UPCOMING: Fight Like A Girl, Mountview Academy Of Theatre Arts

Julian Eaves looks at Fight Like A Girl a new musical by Nick Stimson and James Atherton presented by British Youth Music Theatre at Mountview Academy Of Theatre Arts.

Fight Like A Girl Mountview
Fight Like A Girl
Cameron Mackintosh Theatre, Mountview Academy of Theatre Arts,
31st August 2019

As part of this year’s programme from British Youth Music Theatre (formerly YMT), a new work was presented as the very first production in the brand new auditorium at the brand new campus of this long-established dramatic and theatre arts and sciences school.  It was a good choice.  The work launched three years ago, and its theme, the trials and tribulations of teenage life placed in the context of tough, inner-city life and with a focus on boxing, fitted well into the surrounding milieu of Peckham, an area a few years behind Brixton in terms of renewal and gentrification, but one apparently headed the same way.

BMYT has a very long track record of encouraging new writing for the musical theatre stage.  In fact, along with its friends at the National Youth Music Theatre, nobody can really claim to have a better.  For this premiere, executive producer Jon Bromwich turned to tried and trusted collaborators Nick Stimson (book and lyrics and director) and James Atherton (composer and musical direction) to revive and essentially completely re-write this story of young people with (as former German Chancellor once described the Baader-Meinhoff gang), ‘too much hyper-activity and too little understanding’.  They now have a tale of twins separated at birth, both outsiders in conflict with their peers and at odds with the society around them, uncomprehending adults, and a world dominated by relentless peer-pressure, bullying and violence.  It is a grim tale indeed.  Light relief is in short supply.

Fight Like A Girl
The sombre note dominated here also in Talia Sanz’s simple, spare and deeply gloomy design (curiously apt in this new building, the entrance atrium of which really does resemble the interior of a prison cell block – designed by Carl Turner Architects; the flexible auditorium of the theatre itself was configured in a much more humane proscenium configuration, with two tiers of elevated seating on three sides of the raked stalls).  Joe Thomas managed the lighting well, creating some memorable and appropriately epic effects, as well as highlighting the small-scale, intimate story at the heart of the piece.  Aiden Connor’s sound design was extremely good, getting very high-quality amplification of what seemed to be a recorded electronic score, balancing it well with the young voices of the cast.

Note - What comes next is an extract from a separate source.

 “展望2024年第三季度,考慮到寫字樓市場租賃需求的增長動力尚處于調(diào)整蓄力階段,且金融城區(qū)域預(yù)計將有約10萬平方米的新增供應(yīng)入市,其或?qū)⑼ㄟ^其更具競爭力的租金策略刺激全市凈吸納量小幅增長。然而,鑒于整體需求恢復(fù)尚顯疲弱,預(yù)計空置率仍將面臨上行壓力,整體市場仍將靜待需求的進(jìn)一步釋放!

And the score, it must be said, is delightful.  Full of interesting themes, it builds up in great, often repeated slabs of sound, to create a monumental landscape of energetic ensembles and – Atherton’s forte – soaring melodic yearning and moments of heart-breakingly fragile tenderness.  It must be a joy for the three dozen young people in the cast to perform.  The lyrics for the ballads are very well written, but the narrations and ensembles tended to over-use plain repetition far beyond the audience’s need to have things said more than once.  The production was very direct and clear and we were never in any doubt about what they were up to.  Also, teenagers do generally possess a considerable gift for taking themselves very seriously, and this work plays up to that aspect of their character.  Furthermore, the work is only intended for a very, very short run, and there is little time in the two weeks of preparation for the exploration of fine detail and nuance.

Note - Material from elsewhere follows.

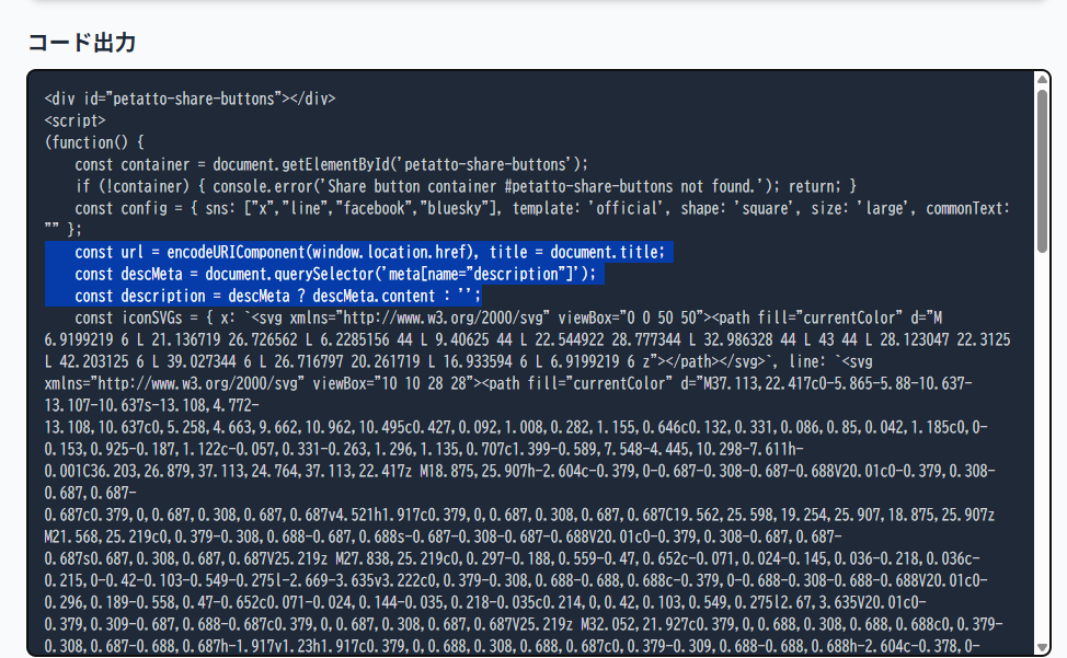 生成されるコードは、設置されたページのタイトルやURL、説明文(description)を自動で読み込んでシェア文を作成します。あなたがやることは、一度コードを貼るだけ。あとはどのページでシェアされても、最適な内容が自動で設定されます。

Fight Like A Girl British Youth Music Theatre
More difficult, however, are the transitions between the many little story-lines that thread their way in and out of Atherton’s sound world.  Hal Prince said musical theatre is all about such passages, where we move from here to there, from speech to song, from movement to dance, and back again, and so on.  These are always very difficult to get right, and when there are a great many of them it is particularly tricky to keep a firm hold of all the strings.  This is perhaps especially true when the dramatist is also the director: possibly a fresh pair of eyes cast over this facet of the work might bring it into a more coherent, logical shape.

Be that as it may, it is a worthwhile and ultimately emotionally satisfying piece of theatre, clearly relished by cast and audience alike.  So, a job well done.

In accordance with works in development and non-professional productions, no stars are awarded for such presentations.